The Registry aims to solve this concern by providing a means of verifying the legitimacy and security of independently built smart account modules for installation and use across any integrated smart account. It allows entities to attest to statements about modules and smart accounts to query these at module installation and/or execution time. The Registry is a Singleton that is free, open and permissionless. It also serves as the reference implementation for ERC-7484.
Attestations on the Registry represent statements about Modules. An Attestation is made using a particular Schema that is used to encode and decode the Attestation data. The most important usecase for Attestations is to make statements about the security of a Module.
An attestation consists of two primary elements: the Schema and the Attestation data. The Schema acts as a standardized structure for creating and validating Attestations, defining how the Attestation data is encoded and decoded.
Schemas represent predefined structures utilized for the formation and verification of Attestation data. Using flexible Schemas rather than a single, fixed Schema allows Attesters to encode their data in a custom way, providing flexibility when creating Attestations. For example, the data of an Attestation about the outcome of the formal verification on a Module will have a very format than the data of an Attestation about what interfaces a Module supports.
Resolvers are external contracts that are tied to Modules and called when specific Registry actions are executed.

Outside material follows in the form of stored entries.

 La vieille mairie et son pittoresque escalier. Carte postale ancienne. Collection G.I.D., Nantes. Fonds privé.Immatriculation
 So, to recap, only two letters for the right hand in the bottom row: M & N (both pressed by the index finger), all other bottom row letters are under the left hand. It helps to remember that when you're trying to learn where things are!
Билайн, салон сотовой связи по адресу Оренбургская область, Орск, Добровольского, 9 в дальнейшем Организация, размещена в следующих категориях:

These actions are:
- attestation
- revocation
- module registration / deployment
This architectural design aims to provide entities like Smart Account vendors or DAOs, with the flexibility to incorporate custom business logic while maintaining the robustness and security of the core functionalities implemented by the Registry
Attesters are individuals or organizations responsible for creating and signing Attestations. They add the Attestation to the Registry, making it available for verification.
Modules are smart contracts that act as modular components that can be added to Smart Accounts. The registry is agnostic towards Smart Account or Module implementations. Only Module addresses and deployment metadata are stored on the registry.

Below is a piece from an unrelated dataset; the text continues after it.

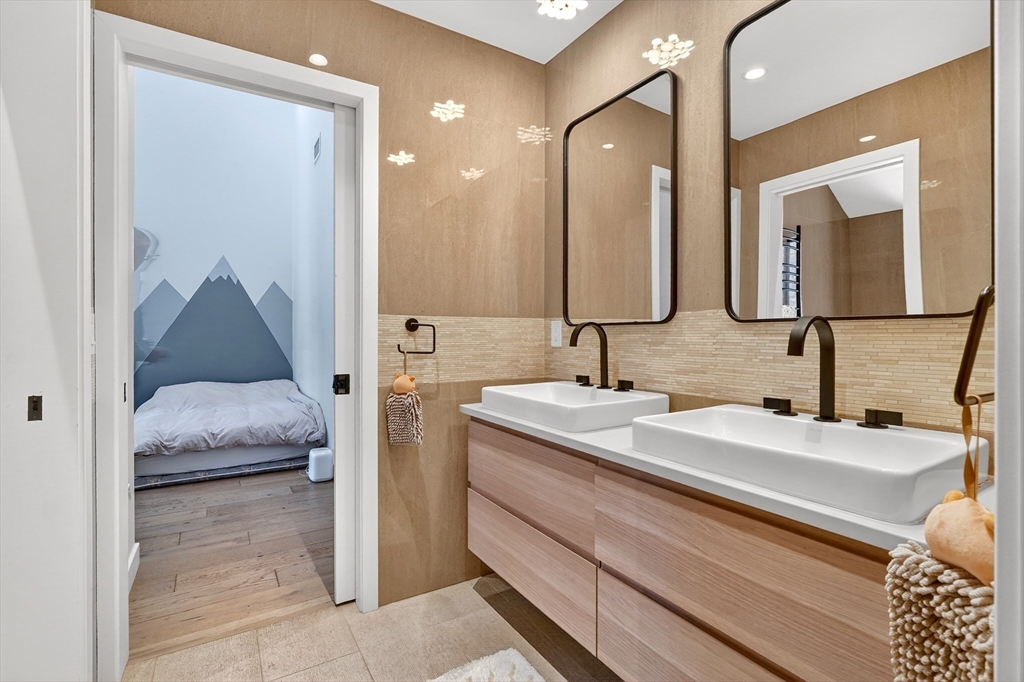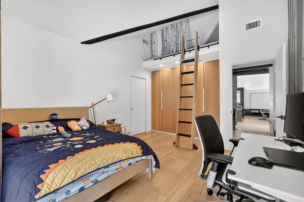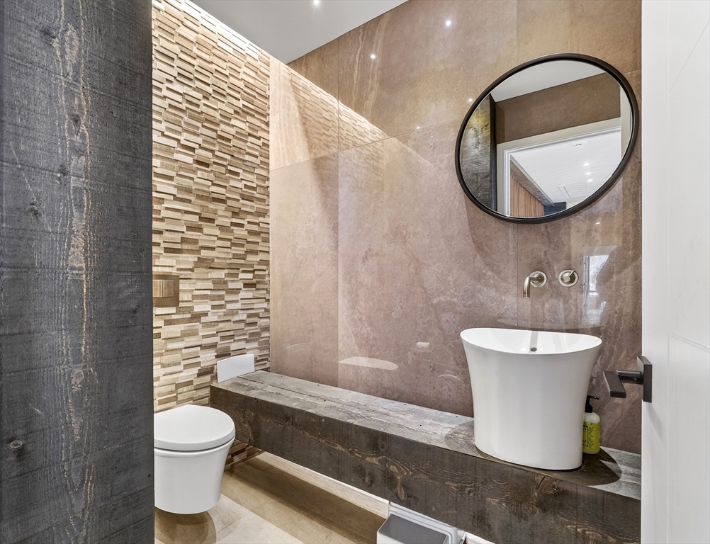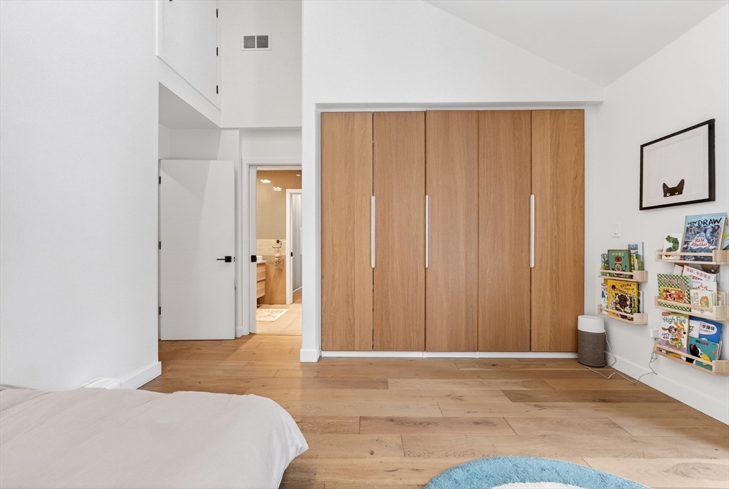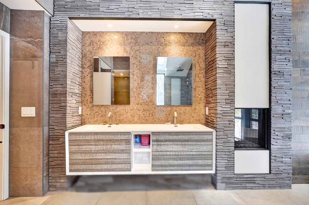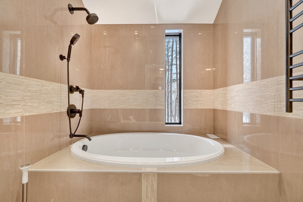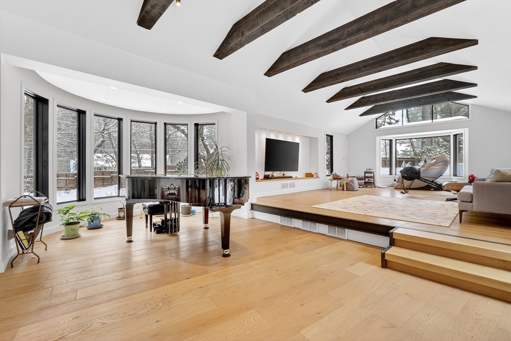 A striking modern architectural residence blending clean lines, abundant natural light, and thoughtful design for sophisticated yet comfortable living, with a quiet and peaceful atmosphere inside the home and private yard. The main level features an open-concept layout connecting the living room, dining area, and chef’s kitchen with high-end appliances and an oversized island, plus a fireplace-centered family room and a dramatic interior courtyard that fills the home with natural light. All four bedrooms are on this level, including a primary suite with private bath, one en-suite bedroom, and two bedrooms sharing a Jack & Jill bath, all with radiant heated floors. The walk-out lower level offers radiant heat, flexible recreation space, backyard access, and a mudroom connected to the garage. A secluded yard provides an ideal setting for entertaining guests. Fully owned solar panels on metal roof. Conveniently located near Weston High School with easy access to Wellesley amenities.

Modules are registered on the Registry either during, using CREATE2
, CREATE3
or a custom deployment factory, or after deployment.
The following is a table of the gas differences between the Registry and a minimal ERC-7484 registry that only has one attester. As you can see, the gas difference is negligible for 1 or 2 attesters, but the Registry scales much better than using multiple single attester registries.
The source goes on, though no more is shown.